It's not possible.
Putting a player in check from 2 angles at same time in one move

easily possible. if you have your bishop and your queen and other person's king lined up on a file, then you move bishop sideways one square aiming at king, your queen is behind it also aiming at king. You should delete your first comment. it make it hard to trust your opinion, and you haven't answered my checkmate question anyway.

Ok thanks guys, like if the K is still in check after they do one move, then that's it I must win. Obviously I win. I just never heard or seen of it before, not anything like this anyway
I guess the fundamental rule is ... if you can't get out of check the other person wins via checkmate.

The game is shaping up quite nicely for me I'll show you a pic. Of course that discovered double check is a lot further along in my wild dreams xD
I guess it's going so well for me because I made their own bishop so bad and they castled onto their bad side or something, now their powerful pieces are all a bit stuffed right now

I think this one game is showing me how powerful that pawn on e5 is for me too, even by itself which is very enlightening.

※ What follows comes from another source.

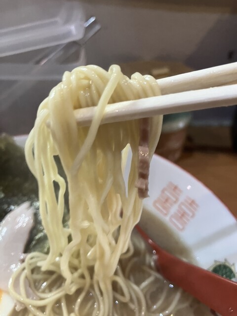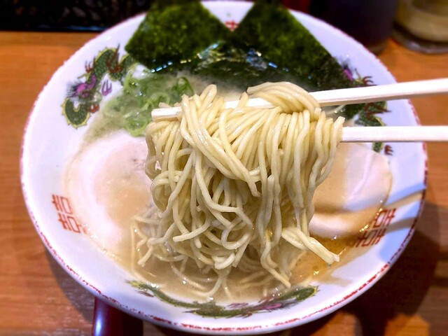 木曜の昼、同僚を連れ1年ちょいぶりの訪問。 12時35分の到着で外待ち5人。 12時47分、入店し並んで着席。 ・豚骨らーめん(並) 780円 をバリカタでオーダー。 ... 詳細を見る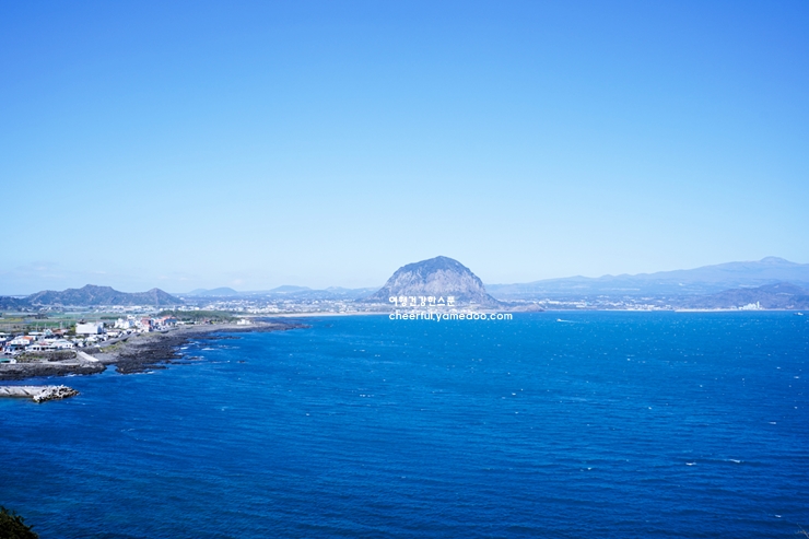 길을 따라 걷기 시작하자, 멀리 산방산이 보이기 시작했습니다. 유독 푸른 제주 바다와 어우러진 산방산은 한 폭의 그림 같았어요. 바다 건너 보이는 한라산 능선까지 선명하게 드러나면서, 제주도의 장대한 풍경이 펼쳐졌습니다.

Powerrrrrrrrrrrrrrrrrr... Reveal your true form sadkid2008 have been super impressed by your elevated rating this week xD

Yep, it's a double check. 2 of the 3 ways to get out of check are unavailable to you if you get double-checked (capturing the opponent's piece and blocking the check). The only way out of a double check is to move the king - if you can't, it's checkmate!
We cover this tactical theme and many more on the "Tactical Training" video on chesspathways.com - feel free to check it out if interested, I'd love to get your feedback!
An illustration to explain Blakey's point.
Both the knight and the bishop can be captured, and the check from the bishop can be easily parried. Alas, the rules of chess only allow for one move to be made at a time, and thus we cannot eliminate the two simultaneous attacks by the knight and the bishop in a single turn by capturing or by defensive interference.
Hence, the king is forced to escape on his own. Ironically, the same queens in charge of capturing the knight and defending against the bishop actually block the king's escape squares and the king cannot run out to b7 since the b7 square is also under attack by the same bishop. This leaves Black with no legal move left to escape the check. Hence, the double-check cannot be parried effectively, and the position is a checkmate.
In this second case, the White king has escape squares to escape the double check, and hence, the position is not an immediate checkmate (but it will be in a matter of moments).
What is this called? If they can't block / remove both checking pieces at the same time, that's checkmate right?